At Reed, I collaborated on a project with a photographer friend that involved calligraphing the names of professors on the mat that framed their photos. During a recent visit, the photos were still up, but he mats had been replaced. In New York, I remember the thrill of a café asking me to redo their chalkboard menu. I was so proud that I mentioned it to Paul at my lesson and he insisted we return to the café so he could see it, whereupon we discovered that they had immediately erased my work. At a holiday ornament swap in Philadelphia, my ornament was the only one not chosen as a take-home gift by my more talented peers. Lesson #1: you will face adversity.

I loved certain parts of the letterforms I studied – the angle, how an "e" connected to a "v," but I’d work myself up into such a tizzy of anxiety over how perfect the letter needed to be that the practice lost all pleasure. And shouldn’t it be pleasurable? This feeling was compounded by the fact that every time I’d travel to Europe or visit a flea market I’d end up at those bins of old letters and postcards, swooning over the handwriting which – with its history and lack of pretension – resonated with me far more than the samplers or abecedariums of yore.  Letters and handwriting associated with a time and place were urgent, and conjured visions of streets, mailboxes, homes, cafes, gardens, postmen, wars, lovers and the spirit of the person writing. Lesson #2: be honest about what you find truly inspiring.

II. A GAME-CHANGING BLOG POST

Around this time Betsy Dunlap’s work hit the blogosphere.
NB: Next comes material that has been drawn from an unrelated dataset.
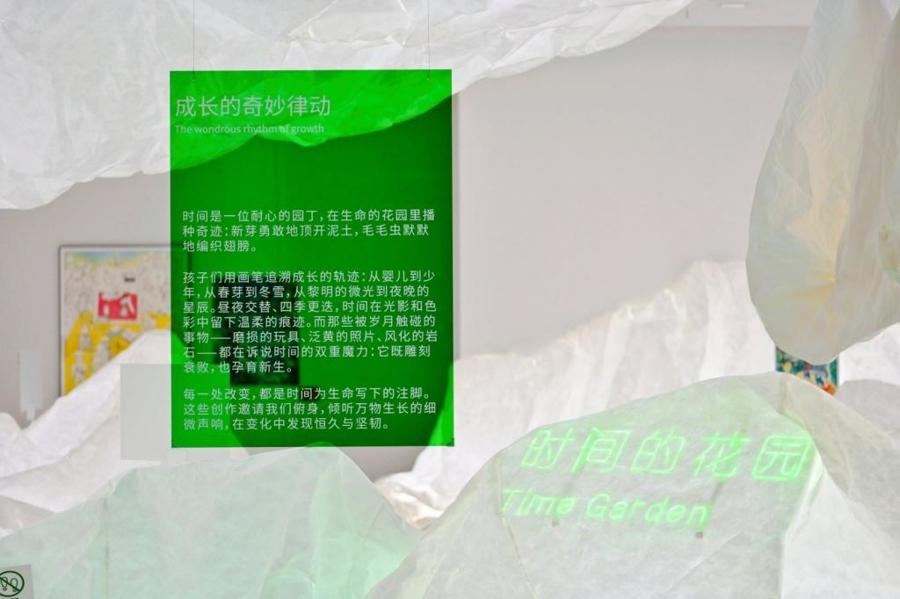 展廳中,“時間的花園”“時光魔法毯”“未來觀測站”“記憶收藏夾”四個充滿童話感的主題,精心呈現小藝術家們充滿童真的作品,邀請不同年齡段的觀衆們來到這裏,靜靜聆聽孩子們用創意訴說的時空故事。

I encourage you to visit this Design*Sponge post from 2007 in which Grace gives just-starting-out Betsy a lovely introduction and the classically-trained calligraphic community erupts in a hateful, embarrassing, vitriolic screed against Betsy’s work (a sample above). Five years later, after appearing in countless Martha Stewart spreads, creating stunning and memorable work, and calligraphing Grace’s own wedding invitations, Betsy and her compatriots sent a unmistakable signal to this small but vocal faction of the mean-spirited establishment. Work that conveys a unique vision has been met with overwhelming success and appreciation by a grateful public. Lesson #3: always be generous of time and spirit and, in the words of Amanda, this type of cynicism can suck it.

III.  FORGE AHEAD

So in 2009, as I was gearing up for my own wedding I decided to give it a go (thanks very much in part to letterpress artist Emily Johnson who said, during a fateful drive to the airport “you should give it a go.”) and inject pleasure and my own sensibility into the letterforms I had studied. What resulted is Neither Snow. I placed an ad on a Practical Wedding (which should answer the “perfecting a script” question – what I do is constantly evolving). And I joined the ranks of a cohort of younger, collaborative scribes who are just as inspired by photoshoots in Russian Vogue as they are by Redwood trees in their back yard.  It’s been two and a half years of unimaginably gratifying collaborations, confronting the well-documented challenges of being a small business owner, and glimpsing worlds – from penthouses to Oxford libraries—that I never knew existed.

My suggested reading list for bringing a baseline of consistency to your letterforms before developing your own style is:

Lloyd Reynolds, Italic Calligraphy and Handwriting

Eleanor Winters, Mastering Copperplate Calligraphy

Barbara Getty and Inga Dubay, Write Now: The Complete Program for Better Handwriting (and please give this book to every school principal you know and ask them to teach a more intuitive form of handwriting before the skill dies out altogether).

And as for materials: play around with pointed pen nibs, of which there are countless varieties (be sure to run them through a flame before you use them). Try out different holders – straight often work best for left-handed calligraphers (like me). Experiment with inks (do you prefer Dr. Martin's or McCafferery or Sumi or mixing your own with gouache?).  Practice with paper that feels good – I like Canson’s Marker-Pro. Study with real people (from classes at a local extension school to immersive classes like Reggie Ezell). My go-to resource for materials and questions is Paper and Ink Arts.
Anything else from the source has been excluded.